Mediapribumi.id, Sumenep — Pemerintahan Bupati Achmad Fauzi Wongsojudo dan Wakil Bupati Sumenep, KH. Imam Hasyim, yang baru memasuki tahun pertama kembali menjadi sorotan publik terkait lambatnya serapan Anggaran Pendapatan dan Belanja Daerah (APBD) Sumenep tahun 2025.
Hingga triwulan ketiga tahun anggaran berjalan, realisasi belanja tercatat masih jauh dari target ideal, hal ini memicu kekhawatiran atas efektivitas kinerja Organisasi Perangkat Daerah (OPD) di bawah kepemimpinannya.
Berdasarkan data dari hasil Laporan Realisasi Anggaran Pemerintah Kabupaten Sumenep menunjukkan bahwa hingga awal bulan Agustus, serapan APBD masih mencapai 43 persen.
Padahal, idealnya serapan anggaran pada pertengahan tahun ini sudah berada di angka 50-70 persen untuk memastikan percepatan pembangunan, layanan publik maupun kesehatan, dan program prioritas lainnya.
Dengan serapan yang baru menyentuh angka 43 persen di awal Agustus, muncul pertanyaan krusial: mampukah Pemerintah Kabupaten Sumenep merealisasikan belanja daerah sesuai pagu anggaran yang mencapai sekitar Rp 2,6 triliun?

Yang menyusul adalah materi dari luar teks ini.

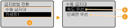 용지), 용지 공급원에 <속도 우선>이 대신 적용됩니다. 이 경우 <속도 우선>이 선택된 경우와 같은 방법으로 용지를 적재해야 합니다(
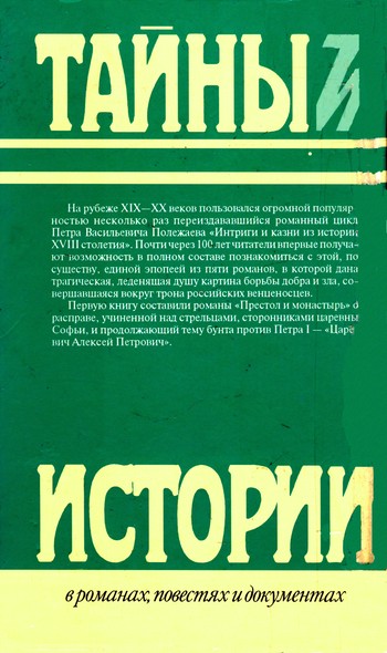В книгу вошли исторические романы Петра Полежаева «Престол и монастырь», «Лопухинское дело» и Евгения Карновича «На высоте и на доле». Романы «Престол и монастырь» и «На высоте и на доле» рассказывают о борьбе за трон царевны Софьи Алексеевны после смерти царя Федора Алексеевича. Показаны стрелецкие бунты, судьбы известных исторических личностей — царевны Софьи Алексеевны, юного Петра и других. Роман «Лопухинское дело» рассказывает об известном историческом факте: заговоре группы придворных во главе с лейб-медиком Лестоком, поддерживаемых французским посланником при дворе императрицы Елизаветы Петровны, против российского вице-канцлера Александра Петровича Бестужева с целью его...

Ataukah sisa waktu yang semakin sedikit justru akan memperkuat tingkat kegagalan dalam perencanaan serta eksekusi program di tingkat birokrasi?

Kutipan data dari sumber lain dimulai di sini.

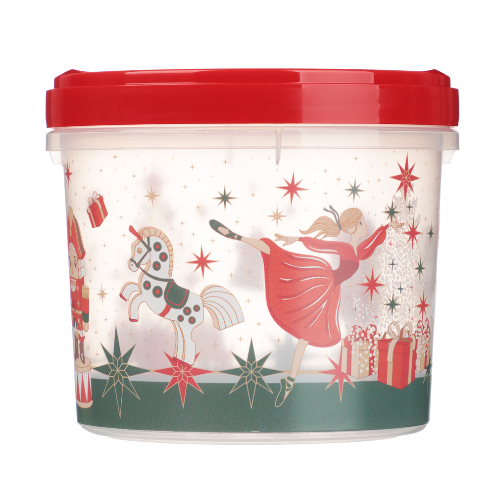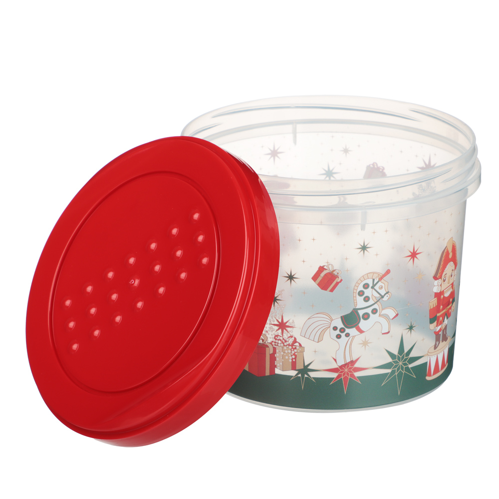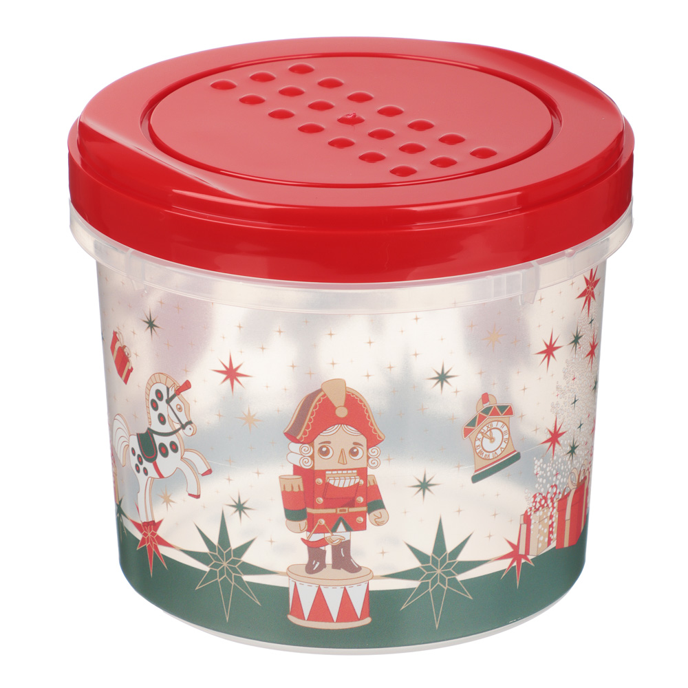 Яркая и удобная банка из новогодней коллекции Щелкунчик объёмом 0,7 л — идеальное решение для хранения печенья, орехов, сухофруктов, конфет или других продуктов. Изготовлена из прочного, безопасного пластика, легко моется. Прозрачные стенки позволяют видеть содержимое, а красная завинчивающаяся крышка надёжно защищает продукты от влаги, запахов и насекомых. Весёлый новогодний рисунок создаёт тёплое и волшебное настроение. Идеальный выбор как для себя, так и в качестве подарка!

“Lambatnya serapan anggaran ini tentu menjadi bukti dari lemahnya perencanaan dan eksekusi program kerja pemerintah daerah. Jika ini terus dibiarkan, maka visi-misi pembangunan Fauzi-Imam berpotensi hanya menjadi janji politik yang tidak akan berdampak pada masyarakat,” tegas Noris Sabit, Presiden Fakta Foundation.

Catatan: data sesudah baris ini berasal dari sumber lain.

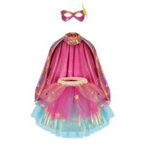Great Pretenders στολή ροζ-ιριδίζουσα με μάσκα “σούπερ ηρωίδα-ροκ σταρ” 3-6…
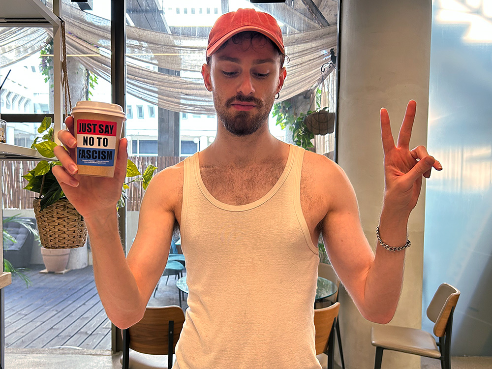 Another Israeli hitchhiker who said the upcoming election would be his first time voting and that he preferred centrist candidates (11/20/25). photo: D. Blair

Ini menjadi potret bahwa pemerintahan Fauzi-Imam di tahun pertama, tidak maksimal dalam melakukan perencananan dan realisasi anggaran.
Serapan APBD yang rendah bukan hanya mencerminkan lemahnya tata kelola keuangan, namun juga berpotensi menghambat pelayanan publik dan pertumbuhan ekonomi di daerah.
“Itu uang rakyat, harus sampai ke rakyat, baik dalam bentuk pelayanan publik, pendidikan dan kesehatan, atau infrastruktur,” tambahnya.
Fakta Foundation mendorong adanya evaluasi menyeluruh terhadap kinerja Organisasi Perangkat Daerah (OPD) serta penegasan arahan anggaran dari Bupati agar belanja daerah benar-benar diarahkan pada kebutuhan masyarakat, bukan sekadar terserap di atas kertas menjelang tutup tahun.
“APBD merupakan instrumen penting dalam pembangunan. Bila serapannya lambat, maka pembangunan juga stagnan. Rakyat butuh dampak, bukan laporan-laporan manis yang dihias rapi dengan bedak,” tutup Noris.